** Opening SOURCE DATA block **

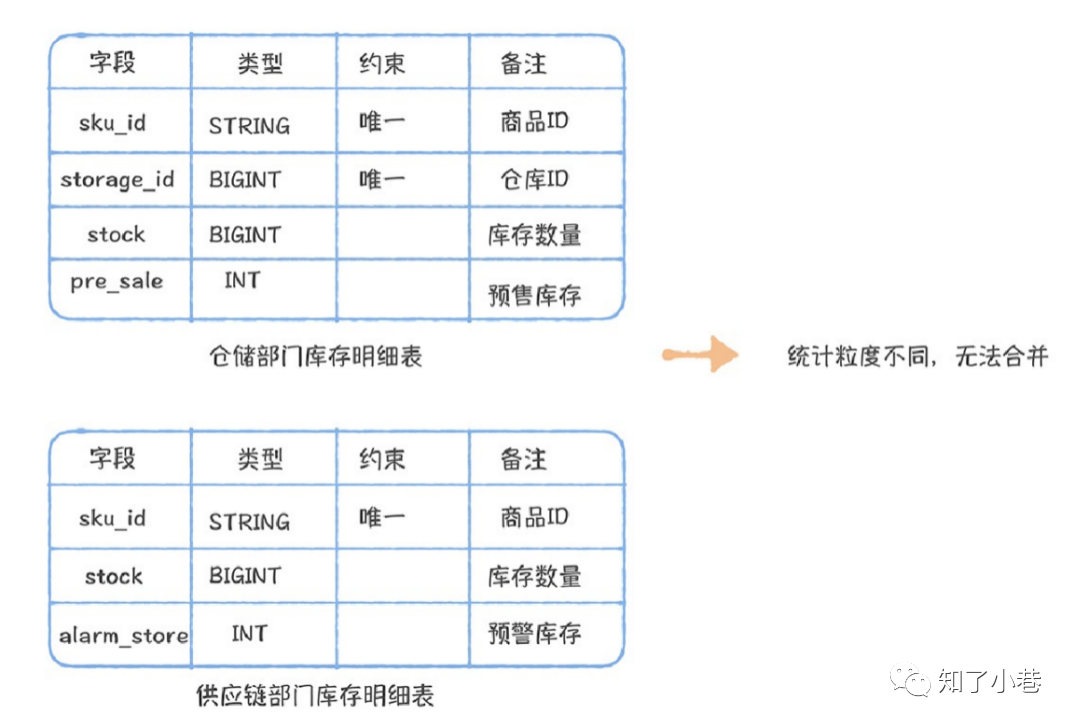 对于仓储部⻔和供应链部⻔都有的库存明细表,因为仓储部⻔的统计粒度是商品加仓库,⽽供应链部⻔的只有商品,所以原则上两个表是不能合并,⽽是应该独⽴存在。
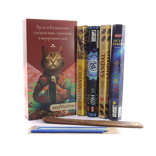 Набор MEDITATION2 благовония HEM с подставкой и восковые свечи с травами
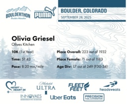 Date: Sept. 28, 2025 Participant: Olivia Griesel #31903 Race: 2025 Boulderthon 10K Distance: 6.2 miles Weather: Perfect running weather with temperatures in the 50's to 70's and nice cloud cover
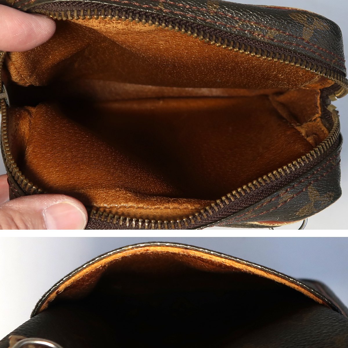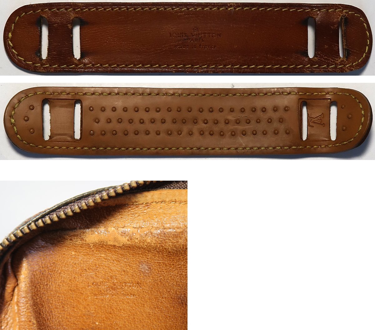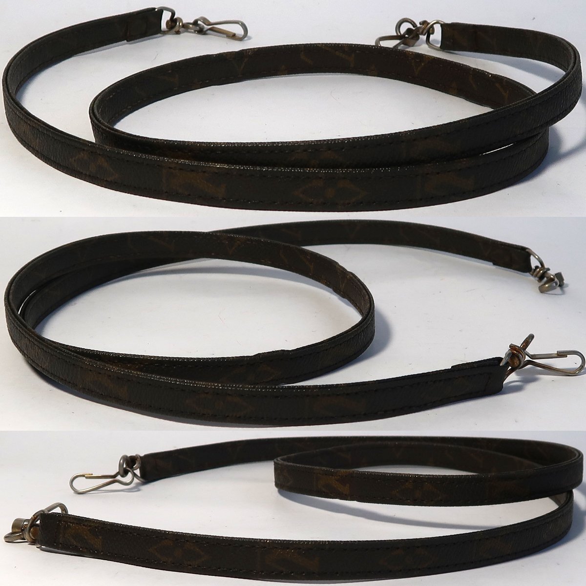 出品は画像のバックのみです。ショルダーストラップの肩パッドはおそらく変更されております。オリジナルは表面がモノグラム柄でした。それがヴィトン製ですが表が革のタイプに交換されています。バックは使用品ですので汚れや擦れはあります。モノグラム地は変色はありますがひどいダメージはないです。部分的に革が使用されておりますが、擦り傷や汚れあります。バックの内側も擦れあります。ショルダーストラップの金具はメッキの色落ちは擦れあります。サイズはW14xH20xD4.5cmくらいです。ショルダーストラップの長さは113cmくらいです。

** Closing SOURCE DATA block **

**TASK ITEM**
A verbatim copy of the data, with all pictures omitted, is the required output.

**EXERCISE SOLUTION**
 对于仓储部⻔和供应链部⻔都有的库存明细表,因为仓储部⻔的统计粒度是商品加仓库,⽽供应链部⻔的只有商品,所以原则上两个表是不能合并,⽽是应该独⽴存在。
 Набор MEDITATION2 благовония HEM с подставкой и восковые свечи с травами
 Date: Sept. 28, 2025 Participant: Olivia Griesel #31903 Race: 2025 Boulderthon 10K Distance: 6.2 miles Weather: Perfect running weather with temperatures in the 50's to 70's and nice cloud cover
 出品は画像のバックのみです。ショルダーストラップの肩パッドはおそらく変更されております。オリジナルは表面がモノグラム柄でした。それがヴィトン製ですが表が革のタイプに交換されています。バックは使用品ですので汚れや擦れはあります。モノグラム地は変色はありますがひどいダメージはないです。部分的に革が使用されておりますが、擦り傷や汚れあります。バックの内側も擦れあります。ショルダーストラップの金具はメッキの色落ちは擦れあります。サイズはW14xH20xD4.5cmくらいです。ショルダーストラップの長さは113cmくらいです。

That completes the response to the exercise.